LMND reported a loss per share of $1.21 in the period, compared to a loss per share of 81 in the same period last year. Revenue came in at $44.3 million, up 89% YoY and above the analyst expectations of $43.3 million.
The number of customers in the quarter totaled 1.5 million, in line with the consensus estimates. In-force premium stood at $419 million compared to the analyst consensus of $408 million.
LMND reported an adjusted EBITDA loss of $57.4 million, up 39% YoY, compared to the consensus projection of $66.7 million. The gross loss ratio stood at 90% in the period, compared to the estimated 85.1%. The net loss ratio was 89%, while analysts were expecting 79.8%.

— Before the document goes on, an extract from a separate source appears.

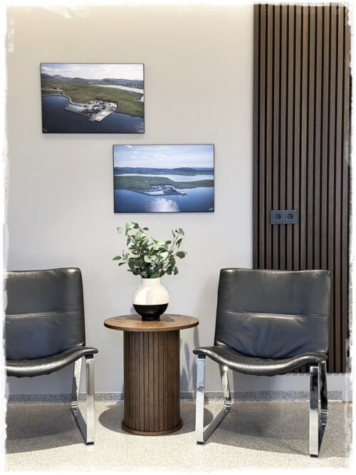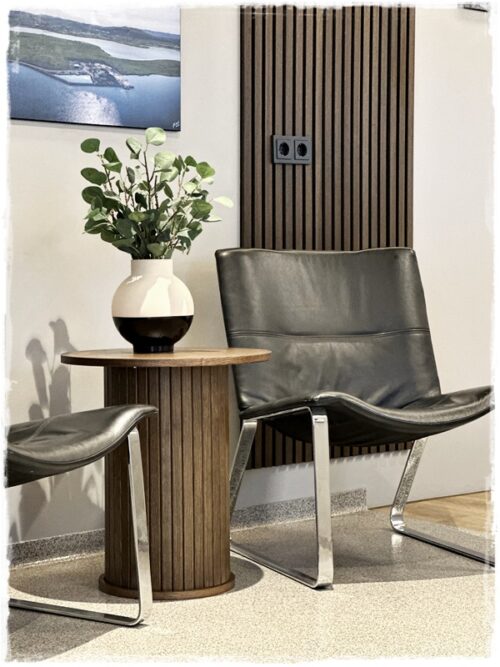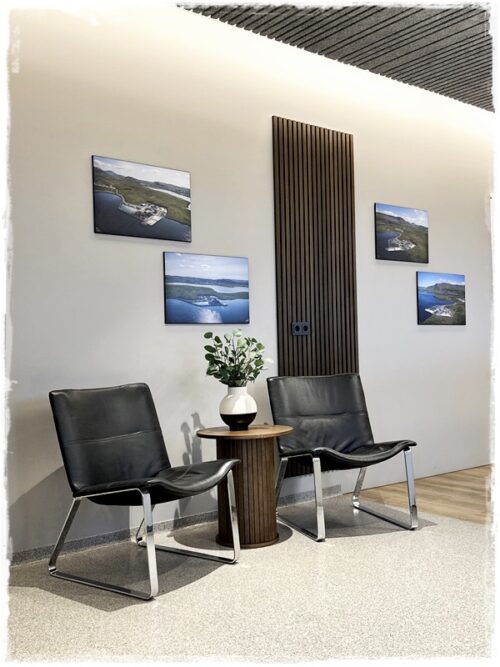 …ég var að vinna svo skemmtilegt verkefni um daginn. En Björgun er með nýlegt skrifstofuhúsnæði, sem var ennþá frekar hrátt og þeim langaði að gera það hlýlegra og huggulegra fyrir þá sem starfa þarna. Við vildum auðvitað ekki hafa þetta neitt “of mikið dúllerí” þar sem þetta er vinnustaður þar sem eingöngu herramenn starfa, eins og er, og þetta snerist bara um að ná inn smá hlýleika og kózýfíling. Auk þess að við lögðum áherslu á að endurnýta sem flest og vinna þetta með endurvinnslu sjónarmiði…

Barclays analyst Tracy Benguigui commented:
“Slightly improved ’22 guidance (ex MILE). LMND beat its 1Q22 guide provided last quarter despite a disappointing 90% gross loss ratio. Comparing results to the same quarter last year is a low bar given TX winter storms in 1Q21,” Benguigui said in a client note.
BofA analyst Joshua Shanker is more pessimistic as he lowered the price target to $19.00 per share, down from the prior $21.00, while reiterating an Underperform rating.
“While the stock has been on a long downward performance leg, we believe there is likely floor support around the $700-800mn price level. Upside risk would come from the company demonstrating profitable growth in future quarters. Downside risk comes from the passage of time without a capital raise through 2H23. No material upside in a high risk stock like LMND forms the basis of our Underperform rating,” Shanker told clients.